* About this exercise *
Without copying any pictures, restate exactly the lines from the start of the records through the line containing "A private passenger".

Stored records
------------------------

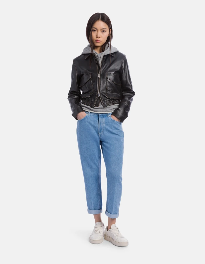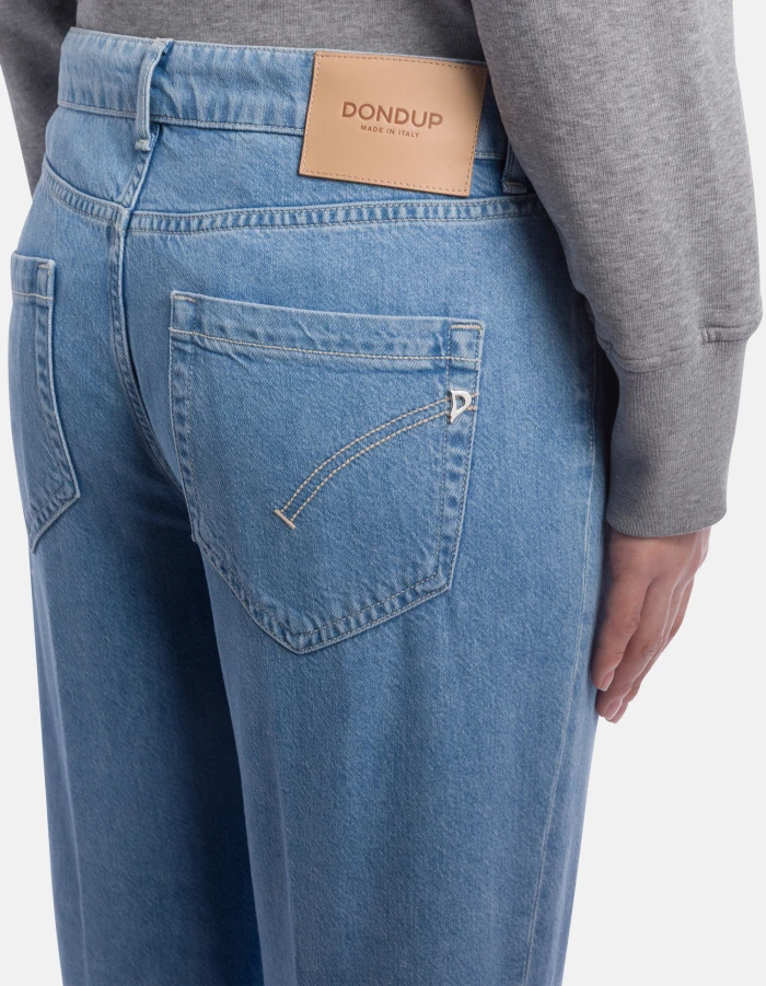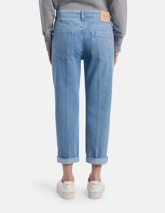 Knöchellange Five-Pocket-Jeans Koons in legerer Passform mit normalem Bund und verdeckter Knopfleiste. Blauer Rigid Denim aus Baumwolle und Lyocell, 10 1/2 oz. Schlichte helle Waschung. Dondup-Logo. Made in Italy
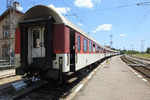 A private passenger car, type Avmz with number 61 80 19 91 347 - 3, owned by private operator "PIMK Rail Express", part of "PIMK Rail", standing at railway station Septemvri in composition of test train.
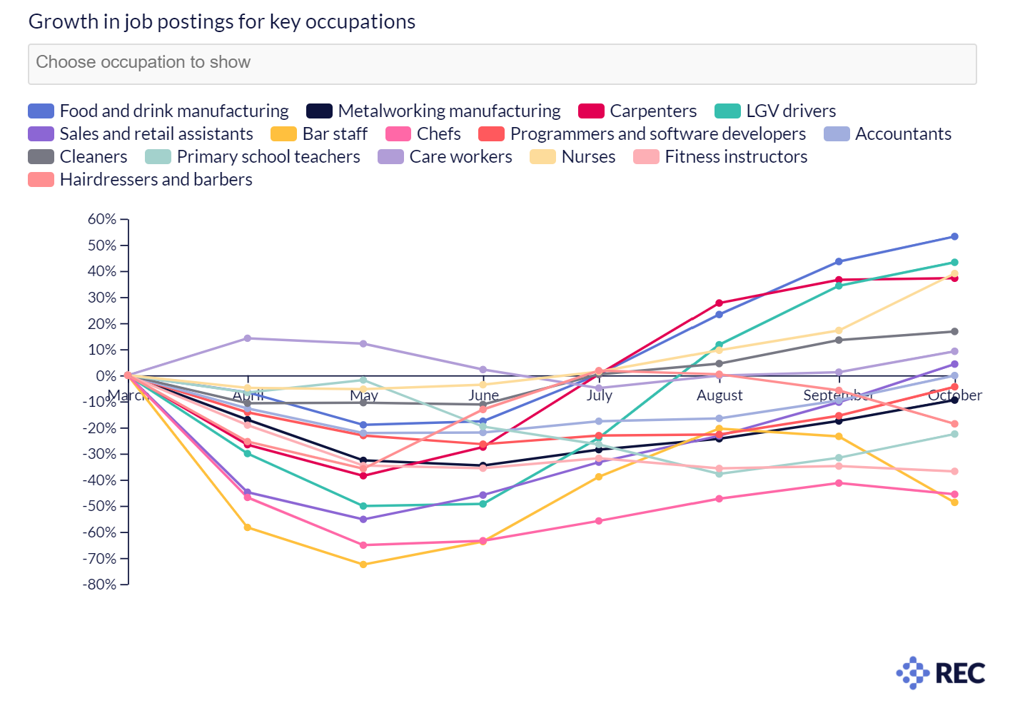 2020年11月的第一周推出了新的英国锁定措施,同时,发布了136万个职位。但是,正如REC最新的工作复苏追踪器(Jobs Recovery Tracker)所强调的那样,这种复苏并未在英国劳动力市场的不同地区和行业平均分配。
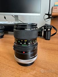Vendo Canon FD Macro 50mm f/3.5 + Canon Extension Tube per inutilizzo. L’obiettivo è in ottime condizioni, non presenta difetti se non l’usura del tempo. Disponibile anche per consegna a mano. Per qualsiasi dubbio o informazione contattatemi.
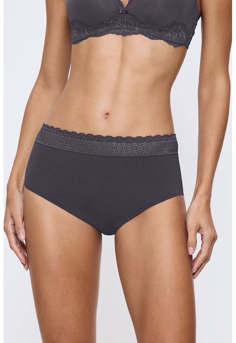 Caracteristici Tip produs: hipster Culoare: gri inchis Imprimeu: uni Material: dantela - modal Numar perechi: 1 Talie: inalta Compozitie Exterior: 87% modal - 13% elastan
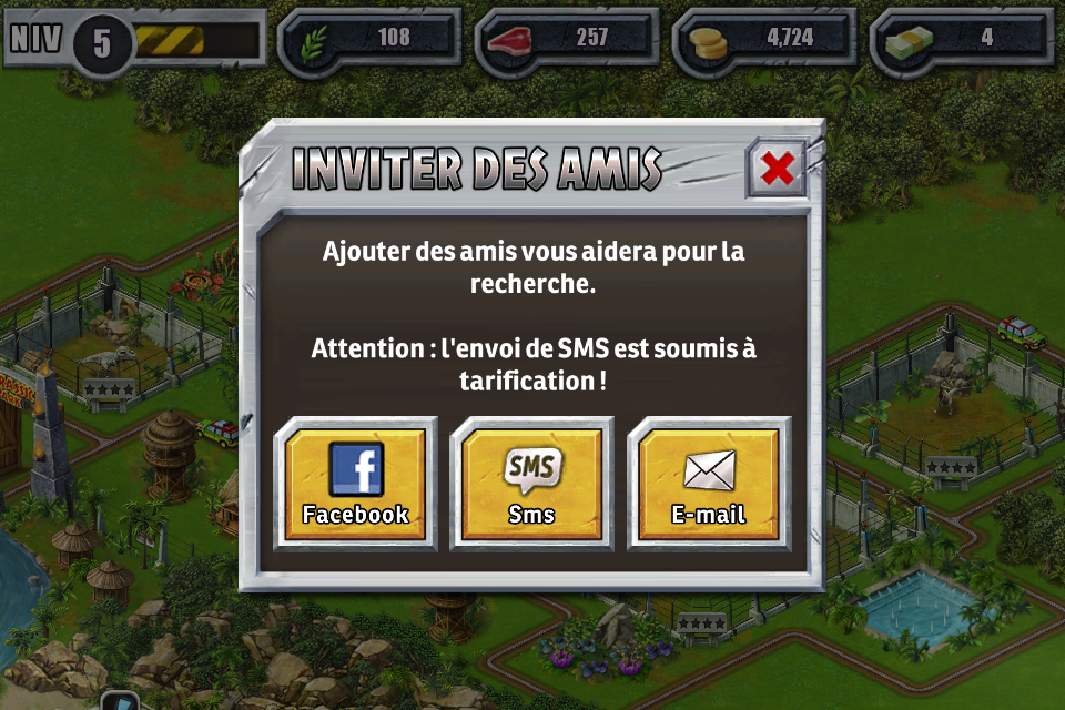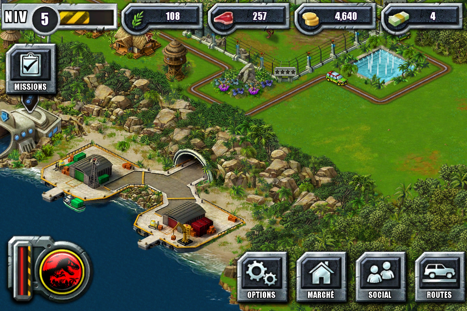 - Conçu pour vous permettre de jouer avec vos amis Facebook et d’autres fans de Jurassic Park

------------------------

* Exercise result *
 Knöchellange Five-Pocket-Jeans Koons in legerer Passform mit normalem Bund und verdeckter Knopfleiste. Blauer Rigid Denim aus Baumwolle und Lyocell, 10 1/2 oz. Schlichte helle Waschung. Dondup-Logo. Made in Italy
 A private passenger car, type Avmz with number 61 80 19 91 347 - 3, owned by private operator "PIMK Rail Express", part of "PIMK Rail", standing at railway station Septemvri in composition of test train.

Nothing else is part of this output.